Park K I, Kojima O, Tomoyoshi T
Department of Urology, Shiga University of Medical Science, Seta, Otsu, Japan.
J Urol. 1997 May;157(5):1777-80.
Intraoperative autotransfusion in urological operations has the risks of reinfusing urine constituents, bacteria and cancer cells. We assessed the efficacy of intraoperative autotransfusion and leukocyte removal filters to separate red blood cells from these constituents.
Concentrated red blood cells were mixed with urine, bacteria (Escherichia coli, Pseudomonas aeruginosa and Klebsiella pneumoniae) and tumor cells (KK47 and ACHN), and processed with the intraoperative autotransfusion device. Biochemical analyses of erythrocytes collected in reinfusion bags (collected erythrocyte solution) from the mixtures of concentrated red blood cells and urine (mixture 1), and cultures of collected erythrocyte solution from the mixtures of concentrated red blood cells and bacteria (mixture 2) were performed. Cytology was done on collected erythrocyte solution from the mixtures of concentrated red blood cells and tumor cells (mixture 3) and filtrates were passed through leukocyte removal filters.
Biochemical analyses of collected erythrocyte solution from mixture 1 indicated complete removal of urine constituents, while cultures from mixture 2 yielded bacterial growth.

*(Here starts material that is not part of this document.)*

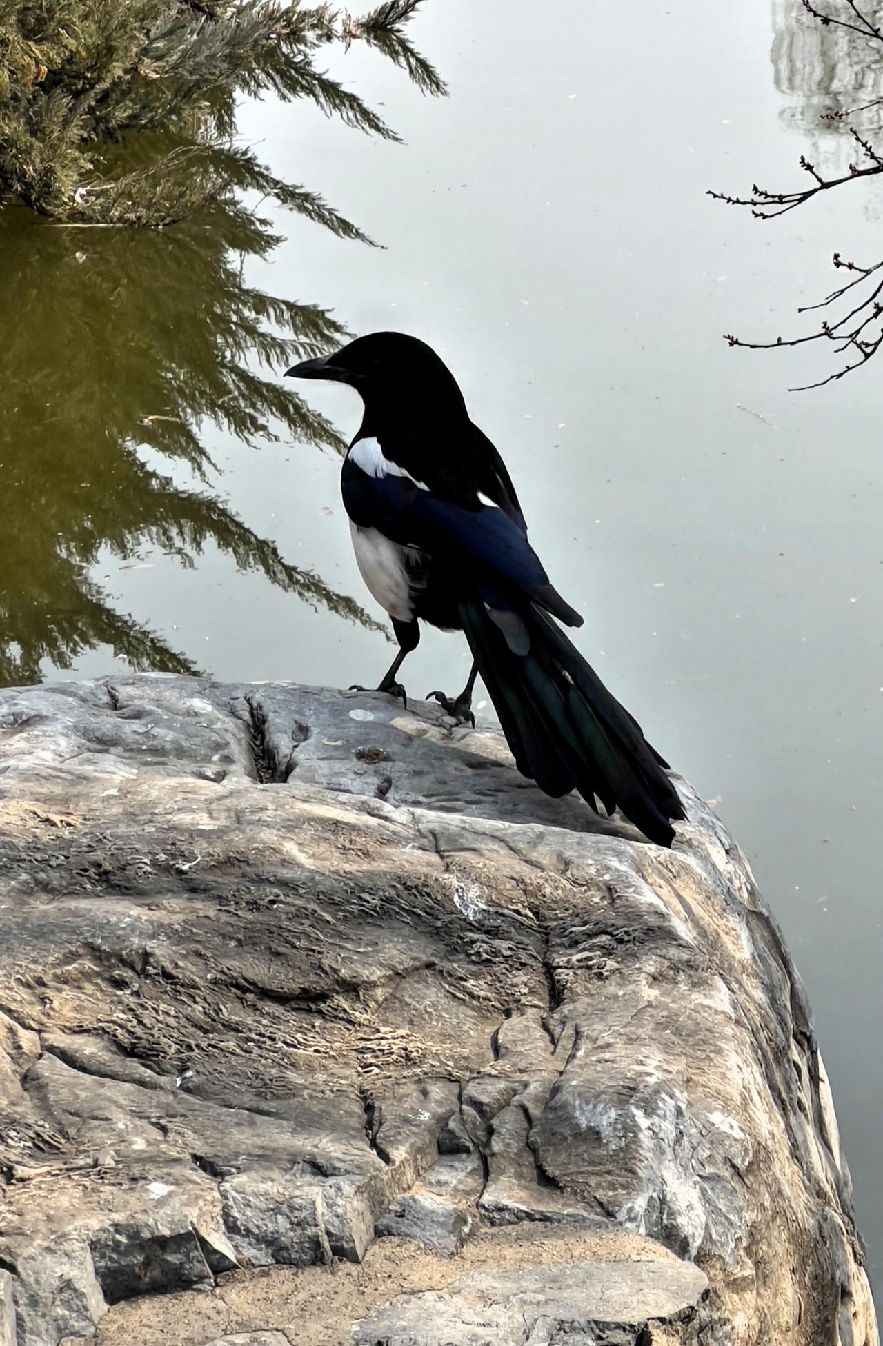 【原创】喜鹊—栖息在岩石上,静观湖面,自然之美尽收眼底。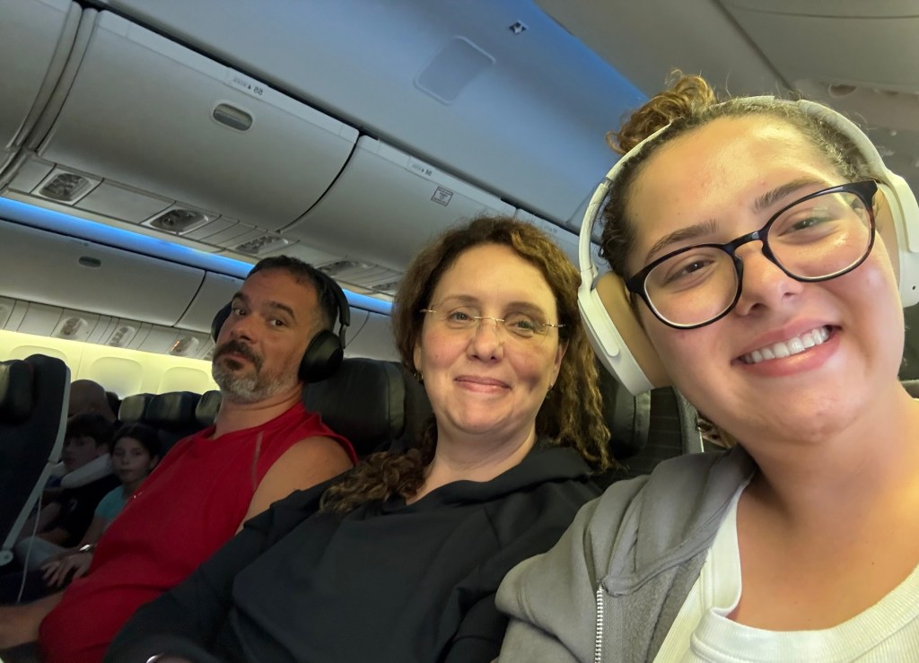 Am pornit la drum cu entuziasm (și multă cafea), am trecut prin dealurile din Gatineau și am bifat toate întrebările clasice de plecare: „Ai luat pașapoartele?”, „Ai încărcat telefonul?”, „Sigur n-am uitat nimic?”. Noroc cu sora mea din Montreal, care ne-a salvat de la o lună de parcare scumpă la aeroport — am lăsat mașina la ea în fața casei și am plecat spre terminal cu inima ușoară și bagajele grele.

Tumor cells from both cell lines were found in the collected erythrocyte solution from mixture 3 although tumor cells were not found in filtrates through leukocyte removal filters.
Our results suggest that intraoperative autotransfusion is safe for urological operations in which bacteria and tumor cells are not present in the operative field. Our data also indicate that intraoperative autotransfusion may be safe for urological cancer operations if it is combined with leukocyte removal filters to prevent unexpected reinfusion of tumor cells.
泌尿外科手术中的术中自体输血存在重新输入尿液成分、细菌和癌细胞的风险。我们评估了术中自体输血和白细胞去除滤器从这些成分中分离红细胞的效果。
将浓缩红细胞与尿液、细菌(大肠杆菌、铜绿假单胞菌和肺炎克雷伯菌)和肿瘤细胞(KK47和ACHN)混合,并用术中自体输血装置进行处理。对从浓缩红细胞与尿液的混合物(混合物1)中收集于回输袋中的红细胞(收集的红细胞溶液)进行生化分析,对从浓缩红细胞与细菌的混合物(混合物2)中收集的红细胞溶液进行培养。对从浓缩红细胞与肿瘤细胞的混合物(混合物3)中收集的红细胞溶液进行细胞学检查,并使滤液通过白细胞去除滤器。
对混合物1中收集的红细胞溶液的生化分析表明尿液成分已完全去除,而混合物2的培养物中有细菌生长。在混合物3中收集的红细胞溶液中发现了两种细胞系的肿瘤细胞,尽管通过白细胞去除滤器的滤液中未发现肿瘤细胞。
我们的结果表明,术中自体输血对于手术区域不存在细菌和肿瘤细胞的泌尿外科手术是安全 的。我们的数据还表明,如果术中自体输血与白细胞去除滤器联合使用以防止意外回输肿瘤细胞,那么对于泌尿外科癌症手术可能也是安全的。